In my first nursing school, straight out of high school, soaking wet behind the ears, doctors still had a mystique about them. This was definitely true in the Midwest, where I went to nursing school.
These weren’t the days of standing when the doctor entered the room, of giving up your seat or your pen when required.
However, the doctor, usually a man, commanded respect, just by the virtue of their degree.
Well, over 30 years later I know better.
Doctors are just human. Sometimes they make iffy decisions with the aim of getting off the floor sooner. Sometimes they are good allies against surgeons who want to cut to cut, not to save a life.
It is absolutely okay to push back on them.
Just like it is absolutely okay to push back on the surgeon, or the charge nurse, or the CRNA.
This is part and parcel of protecting the patient.
After all, as the circulator, you are the wall between the patient’s well-being and the rest of the team.
But, be a wall that has some flexibility in it. And don’t be afraid to call them on their bullshit.
They won’t like it in the short term, and you might get written up, but you will know that you did the best for the patient that you could in the moment.

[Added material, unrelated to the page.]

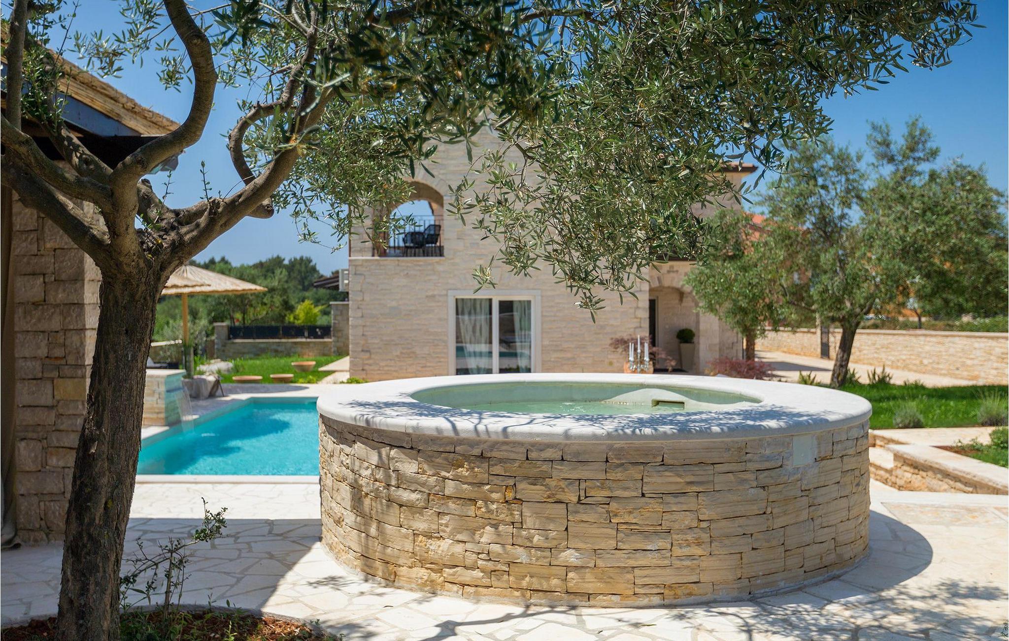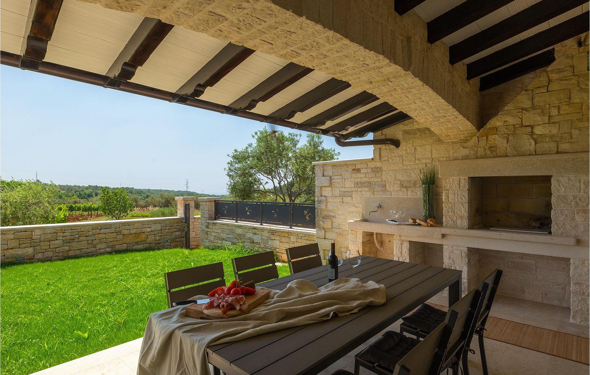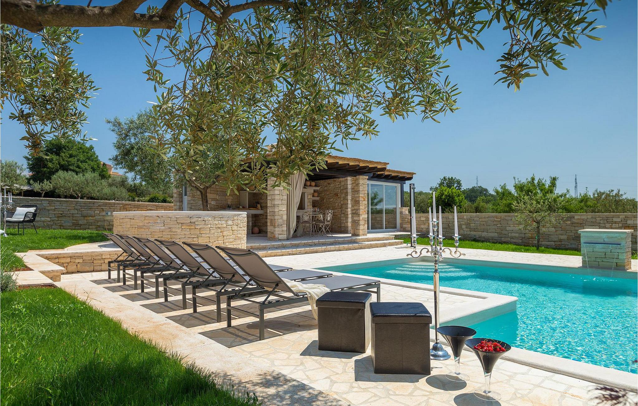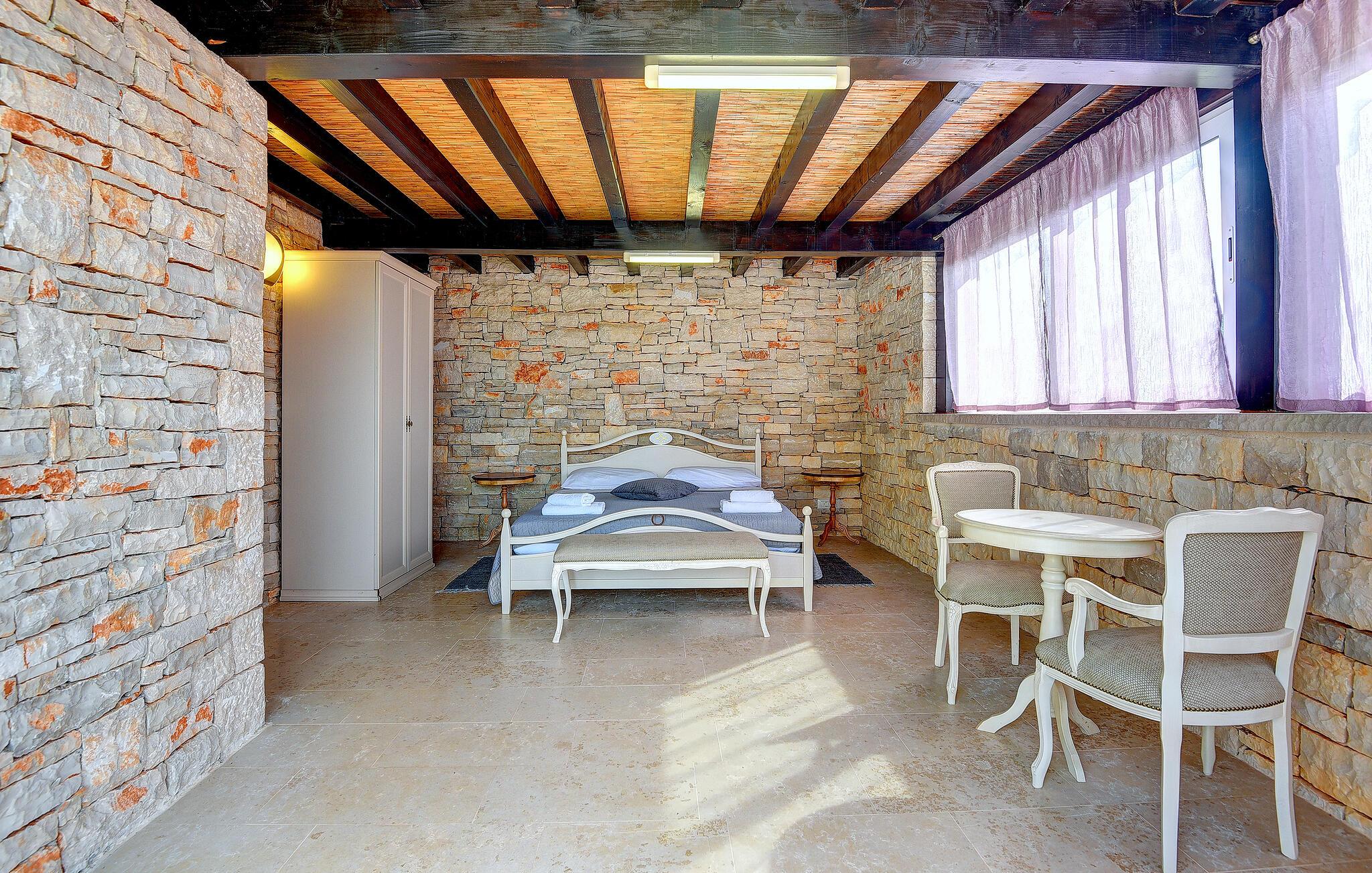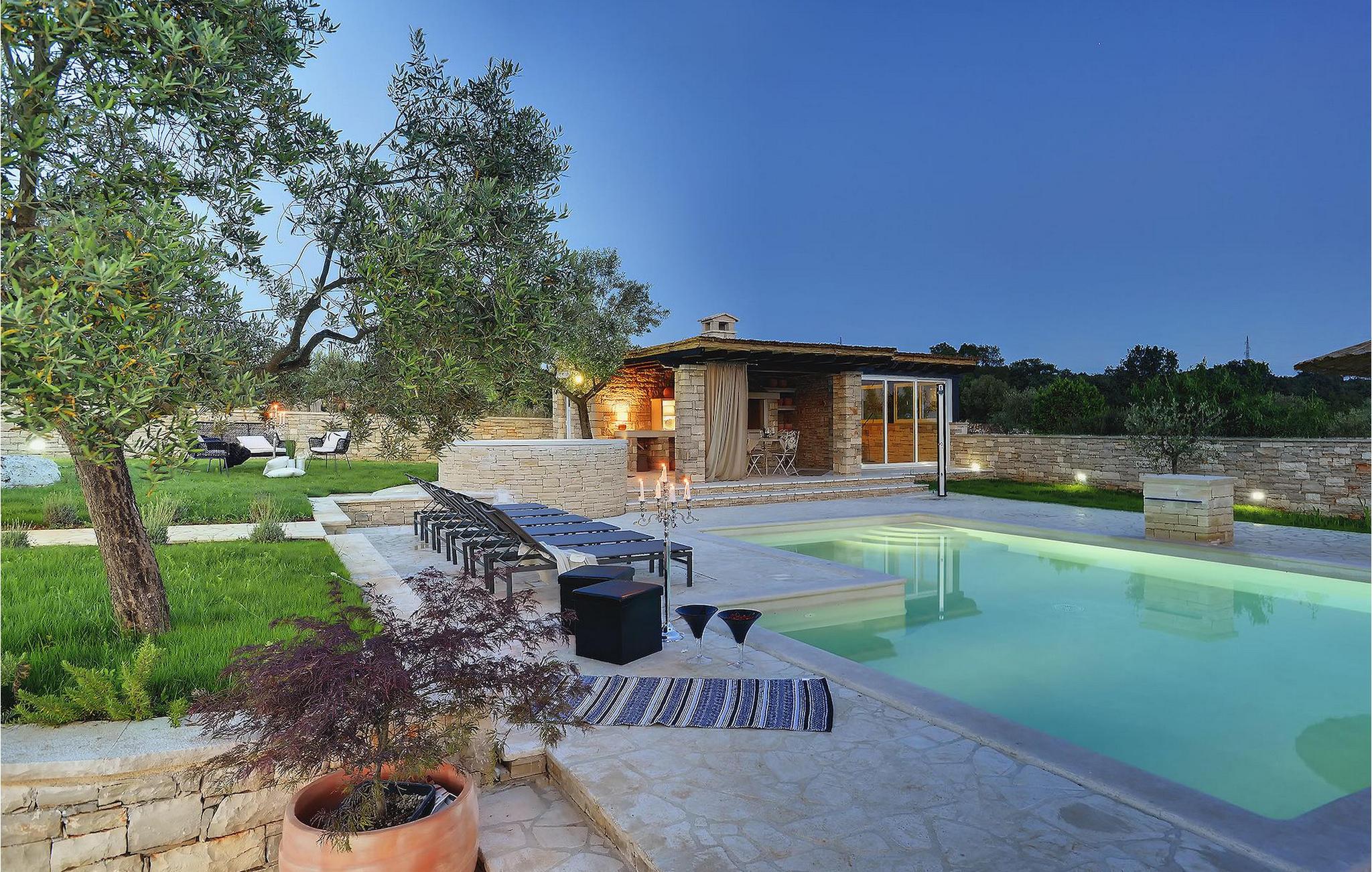 I haven, direkte ved siden af poolen, er der et lille poolhus lavet af sten, hvor det 4. soveværelse er placeret. Det er perfekt til dem, der ønsker ekstra privatliv i et idyllisk lille istrisk stenhus. Også perfekt til dem, der ønsker at hoppe i poolen direkte efter at være vågnet! Poolhuset har også en finsk sauna, et ekstra badeværelse og en udendørs spiseplads med 2 griller.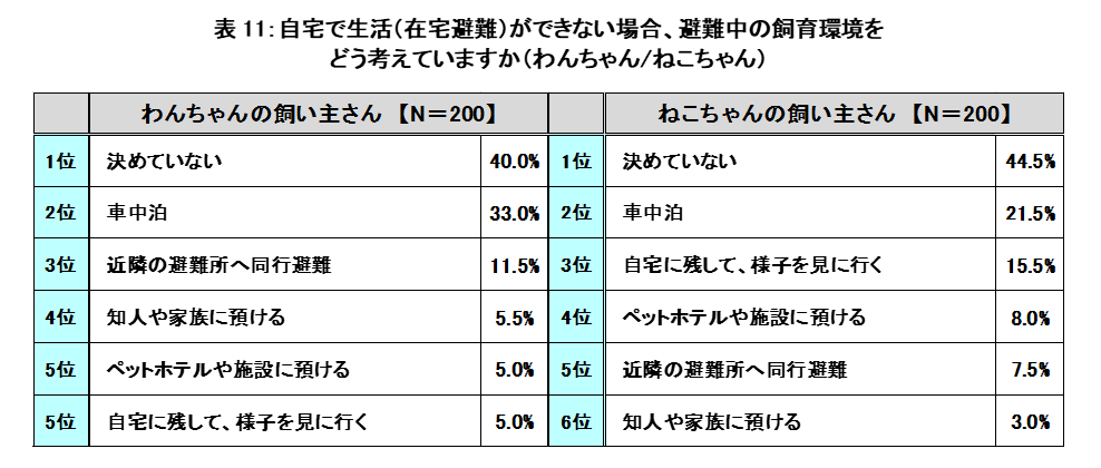 わんちゃんは「近隣の避難所へ同行避難」(11.5%)が3位で、一緒に避難したいという飼い主さんが多い一方、ねこちゃんは4位に「ペットホテルや施設に預ける」(8.0%)など、安心できる環境を確保してあげたいと考える飼い主さんが多いことが分かりました。

For example, there was a critically ill patient that we worked on in the middle of the night years ago. This patient was in bad shape, tanking blood pressure, holding on to their carbon dioxide, and getting more delusional with it, sky-high heart and breathing rate. The kind of patient you just know, in the pit of your stomach, is circling the drain. Urosepsis in a big, bad way. The anesthesiologist was so focused on getting the numbers that they wanted for the pre-op they were standing in the way of actually helping the patient. I told them that the only way to start helping this patient was to let the urologist put a stent up the ureter and if we delayed any longer for a BS reason, they might not survive that. The anesthesiologist, taken aback, stared at me for a moment. After all, who was I to demand that they treat the patient, no matter the number. They opened their mouth to yell at me and glanced at the patient, who was deteriorating by the minute. Swallowing whatever vile thing they were about to spew they gestured to the CRNA and asked what was taking so long.
Eye roll here.
But confronting them at that moment was the correct course of action. It allowed us to get the patient to the room that much faster, to go to sleep that much more smoothly, and to get the stent placed that much quicker. We did take the patient directly to ICU, still intubated, after the 10-minute case. The patient was exhausted and would probably get sicker before they got better. Two days later, I was dropping another patient off in the ICU and I saw the uroseptic patient and their family in a room. They were looking so much better that they didn’t even look like the same person, who had been gray-faced, panting, and moaning in pain and delirium 58 hours before. When I stopped in the room, of course, they didn’t recognize me, but the spouse did.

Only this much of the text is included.